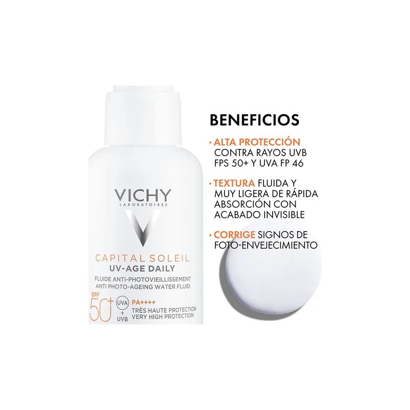 UV-AGE DAILY es el primer protector solar fluido anti-fotoenvejecimiento de Vichy. Su tecnología Netlock multipatentada forma una película protectora contra los rayos UV ultrafina y ultrarresistente para una alta protección contra los rayos UVA y UVB, responsables de más de un 80 % de los signos del envejecimiento.
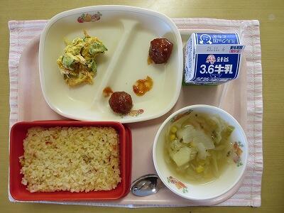 ピラフ、牛乳、ミートボール2ケ、かぼちゃのサラダ、野菜スープ
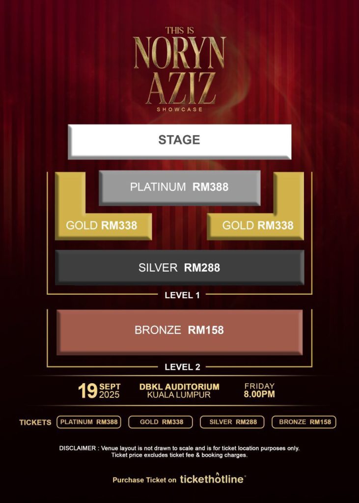 Persembahan akan berlangsung pada Jumaat, 19 September 2025, jam 8:00 malam di Auditorium DBKL, Kuala Lumpur. Tiket boleh didapati melalui Tickethotline. Tempat terhad ini bukan sekadar konsert, inilah This Is Noryn Aziz. – Tehtariktimes
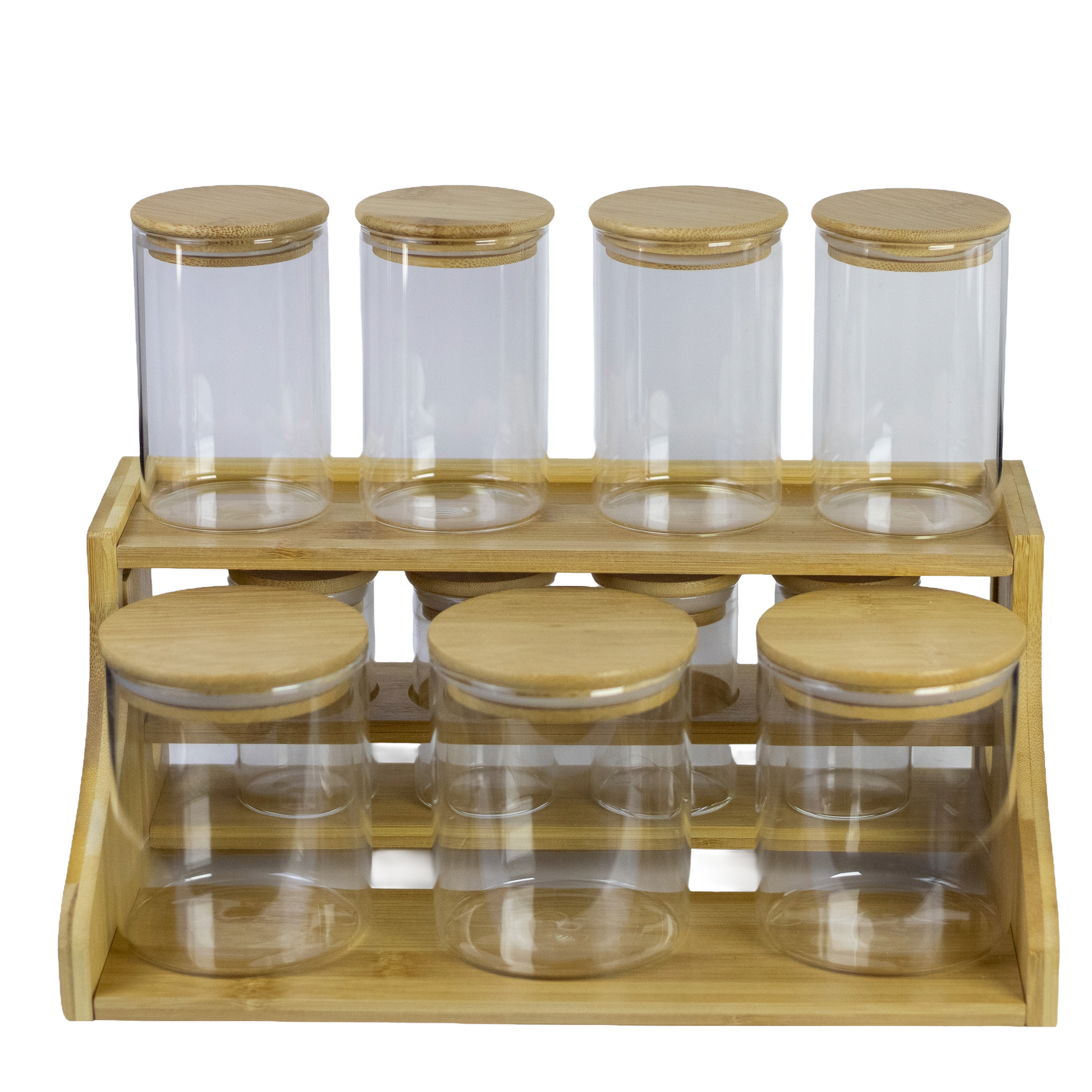 ✅ Complete Set – 11 glass jars plus 1 large bamboo stand and 1 mini stand that fits inside the large stand, perfect for spices, grains, and other dry ingredients
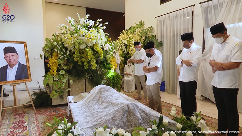 Presiden Joko Widodo melayat & memberi penghormatan pada jenazah pendiri Medco Energi Group sekaligus Anggota Dewan Pertimbangan Presiden, Arifin Panigoro di rumah duka di Cilandak, Jakarta. Sebelumnya almarhum meninggal di Amerika Serikat pada 27 Februari lalu. Jokowi tiba di rumah duka pukul 09.00 WIB disambut adik dan anak-anak Arifin Panigoro.

### Exercise brief:
The reply should hold every record, unchanged, and no pictures.

### The completed task:
 UV-AGE DAILY es el primer protector solar fluido anti-fotoenvejecimiento de Vichy. Su tecnología Netlock multipatentada forma una película protectora contra los rayos UV ultrafina y ultrarresistente para una alta protección contra los rayos UVA y UVB, responsables de más de un 80 % de los signos del envejecimiento.
 ピラフ、牛乳、ミートボール2ケ、かぼちゃのサラダ、野菜スープ
 Persembahan akan berlangsung pada Jumaat, 19 September 2025, jam 8:00 malam di Auditorium DBKL, Kuala Lumpur. Tiket boleh didapati melalui Tickethotline. Tempat terhad ini bukan sekadar konsert, inilah This Is Noryn Aziz. – Tehtariktimes
 ✅ Complete Set – 11 glass jars plus 1 large bamboo stand and 1 mini stand that fits inside the large stand, perfect for spices, grains, and other dry ingredients
 Presiden Joko Widodo melayat & memberi penghormatan pada jenazah pendiri Medco Energi Group sekaligus Anggota Dewan Pertimbangan Presiden, Arifin Panigoro di rumah duka di Cilandak, Jakarta. Sebelumnya almarhum meninggal di Amerika Serikat pada 27 Februari lalu. Jokowi tiba di rumah duka pukul 09.00 WIB disambut adik dan anak-anak Arifin Panigoro.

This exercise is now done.